Northumberland, thou ladder wherewithal
The mounting Bolingbroke ascends my throne,
The time shall not be many hours of age
More than it is ere foul sin gathering head
Shalt break into corruption: thou shalt think,
Though he divide the realm and give thee half,
It is too little, helping him to all;
And he shall think that thou, which know’st the way
To plant unrightful kings, wilt know again,
Being ne’er so little urged, another way
To pluck him headlong from the usurped throne.
The love of wicked men converts to fear;
That fear to hate, and hate turns one or both
To worthy danger and deserved death.

That’s the key: once one “know’st the way to plant unrightful kings,” one will know “another way to pluck him headlong from the usurped throne.” And indeed, early into Henry IV Northumberland is contending that Richard had chosen a different successor, not Henry, were he to die. Multiple claimants to the throne, none being able to claim absolute legitimacy, is how you plunge a nation into “civil butchery.”
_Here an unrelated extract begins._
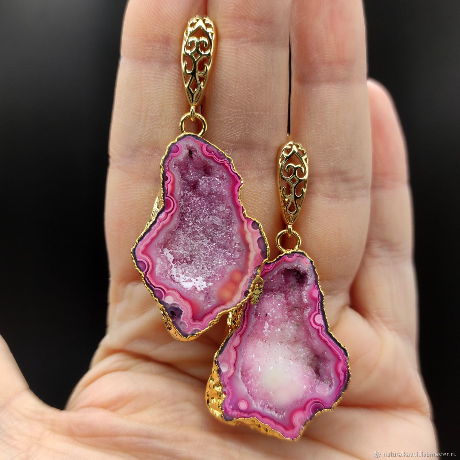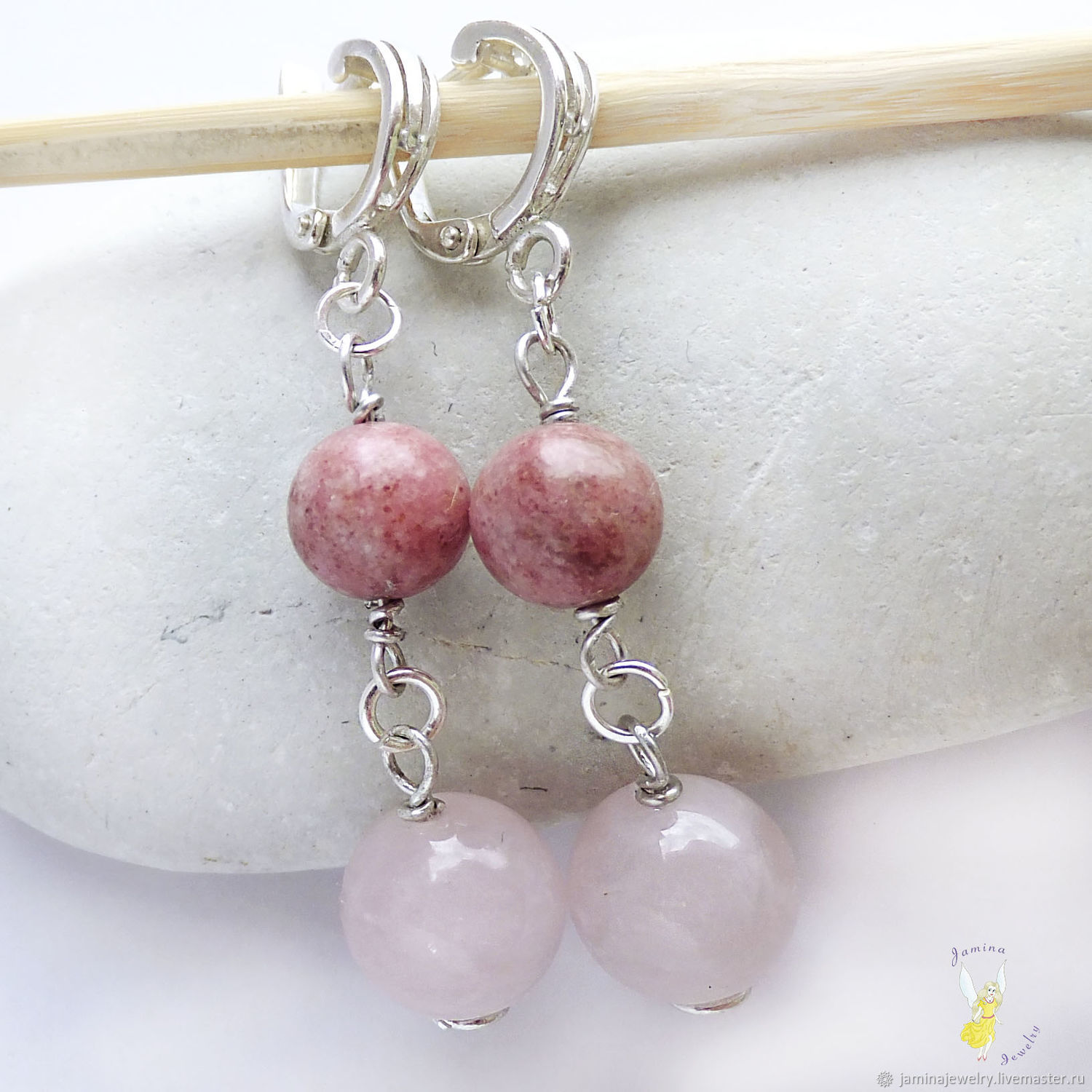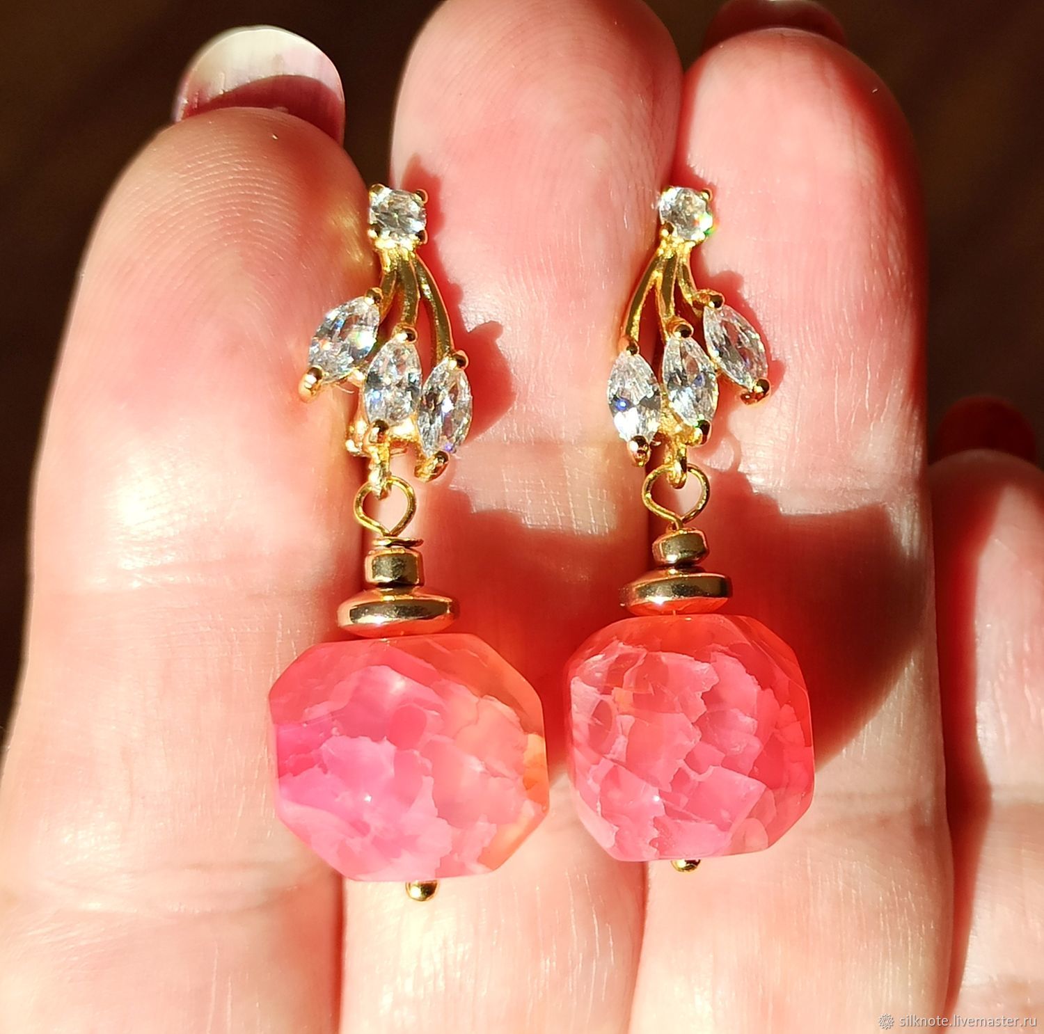 Розовые агаты серьги
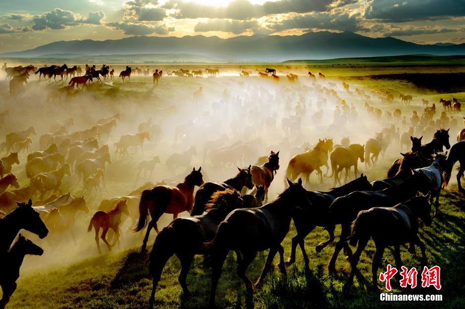 Known as the "hometown of Ili horse", the Kunes prairie of northwest China's Xinjiang Uygur Autonomous Region enters wet season in June. Thousands of Ili horse gallop and play at this vast grassland. The fast, strong and handsome Ili horse is also called the "heavenly horse". (Chinanews/Dang Wenting)

So for all those Republicans buying into Trump’s Big Lie that he did not lose to Joe Biden, remember this: as soon as candidates start getting seats they did not legitimately win, bloody succession battles become likely. No one’s seat is safe.

Richard may have been a bad king, but Shakespeare indicates that, in overthrowing him, Henry sowed the seeds for the Wars of the Roses.

Biden is fond of saying, “You can’t love your country only when you win.” Are we really going blow up our democracy, along with all the benefits of a stable society, for the sake of Donald Trump?